FBI warnings ignored, sheriffs sidelined
When career FBI leaders ask for more time and local sheriffs say they haven’t seen the problem, that should stop a national rollout — not get used as cover for it. The records show internal DOJ staff worried about political fallout and about undermining other election-threat work. Yet the memo went forward anyway. That looks less like public safety and more like a political decision to treat parents at school board meetings as a federal law-enforcement priority.
Why this matters: free speech, federal overreach, and accountability
This isn’t just bureaucratic nitpicking. The Garland memo drew sharp criticism at the time for risking the chill on constitutionally protected speech by parents. Now we learn the people who actually run investigations were skeptical, and local law enforcement wasn’t sounding an alarm.

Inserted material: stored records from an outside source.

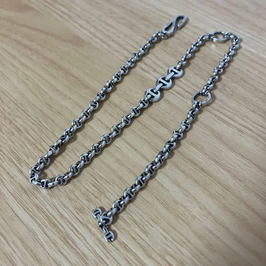 호센부스 5mm 오픈-링크 월렛 체인 오픈 링크 실버 월렛 체인 남성용 23인치 남성용 - 월렛 체인 HOORSENBUHS의 시그니처인 트라이 링크 심볼을 모티브로 한 5mm 사이즈의 월렛 체인입니다. 토글 부분에는 은은하게 다이아몬드가 세팅되어 있습니다. 2, 3회 사용한 정도입니다. 도치기 아크에서 구매했습니다. 부속품은 버렸습니다. 본체만 전달됩니다! 정가는 682,000엔 23인치 전체 길이 58.5cm, 체인 폭 최대 1.5cm HOORSENBUHS 5mm OPEN-LINK WALLET CHAIN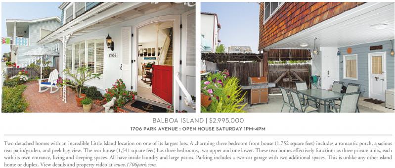 Two detached homes with an incredible Little Island location on one of its largest lots. A charming three bedroom front house (1,752 square feet) includes a romantic porch, spacious rear patio/garden, and peek bay view. The rear house (1,541 square feet) has three bedrooms, two upper and one lower. These two homes effectively functions as three private units, each with its own entrance, living and sleeping spaces. All have inside laundry and large patios. Parking includes a two-car garage with two additional spaces. This is unlike any other island home or duplex. View details and property video at www.1706park.com.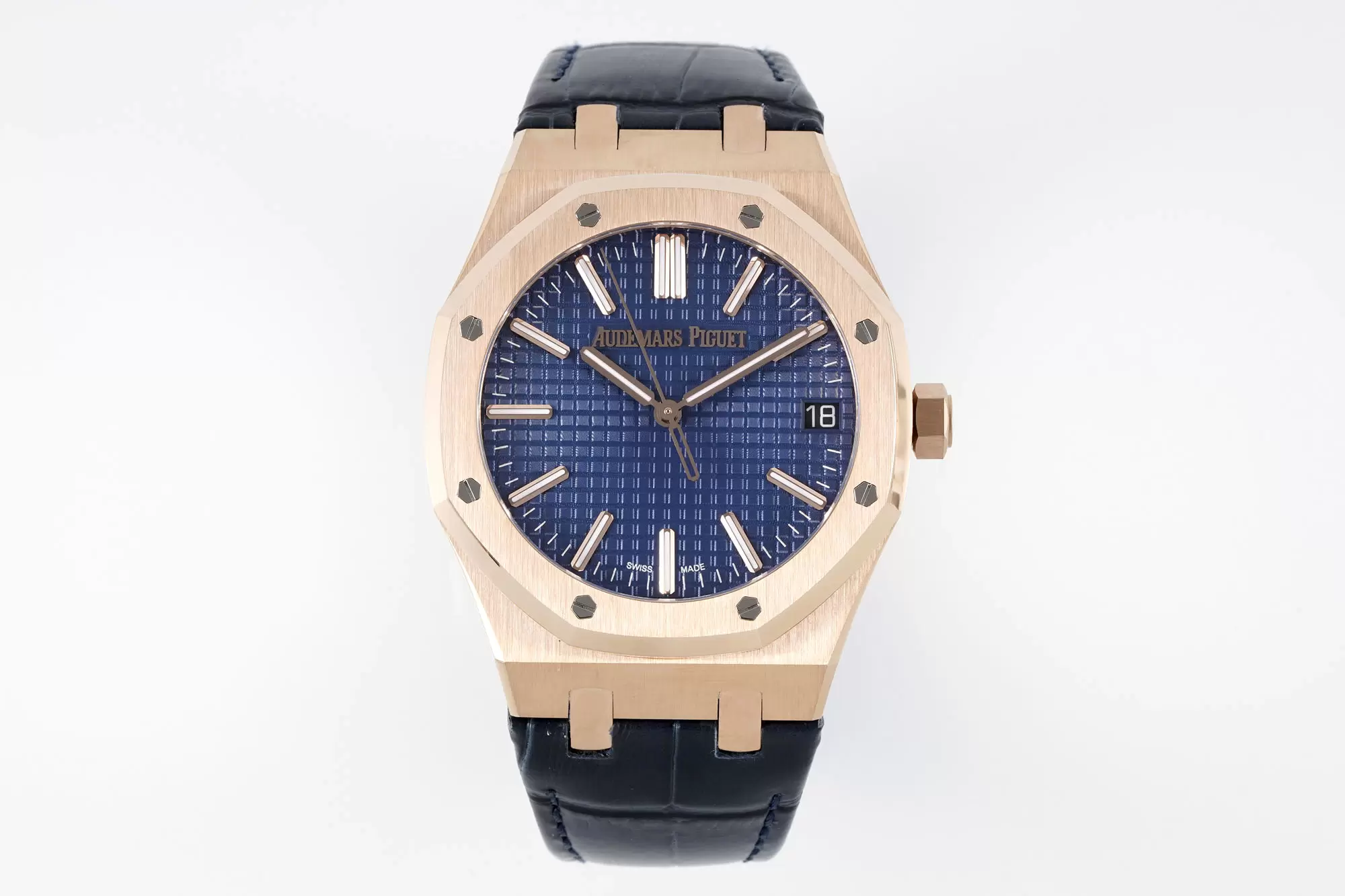 AUDEMARS PIGUET HIGH END WATCH REPLICAS ROYAL OAK APS FACTORY BLUE DIAL LEATHER STRAP 41MM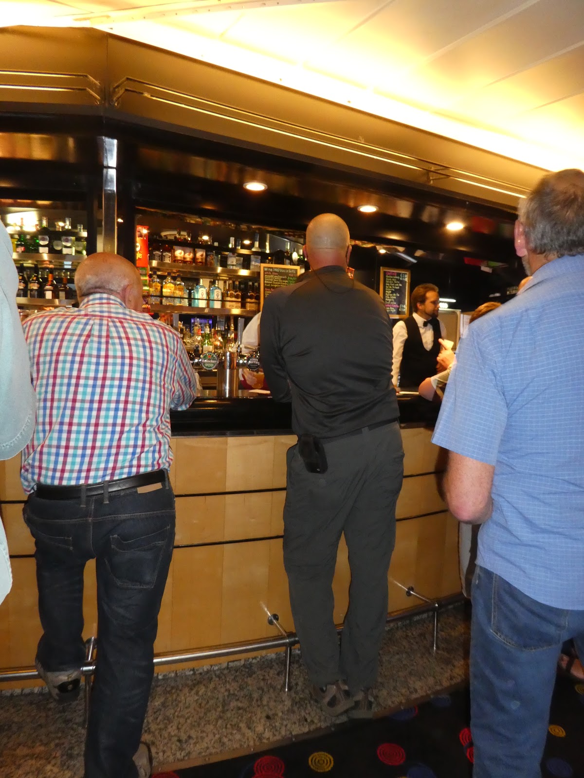 After all other passengers had boarded the ferry, these men and women helped us push our luggage carts and load the luggage into a bus (just for us).  They accompanied us to the Ferry dock, reloaded everything onto new luggage carts and assisted in pushing them up the 6 steep ramps where the ferry personnel transported it directly into a luggage storage area.  We only needed to bring our overnight necessities to our cabin and begin exploring the ferry.  First stop, a bar with some nice, cold, beer on tap.

The obvious question: why did the Justice Department push this policy when its own agents and local sheriffs wanted caution? Americans deserve answers about whether federal power was used to target everyday civic participation by parents and guardians.
What happens next matters. Congressional committees could use these FOIA records to renew oversight, and the DOJ should publicly explain why it ignored internal warnings. Parents and taxpayers should demand accountability for any memo that treats civic protest as a policing priority without clear evidence. If we won’t stand up for the simple right of parents to speak at school board meetings, then we’re willing to cede our freedoms to bureaucratic whims. That shouldn’t be the America we live in.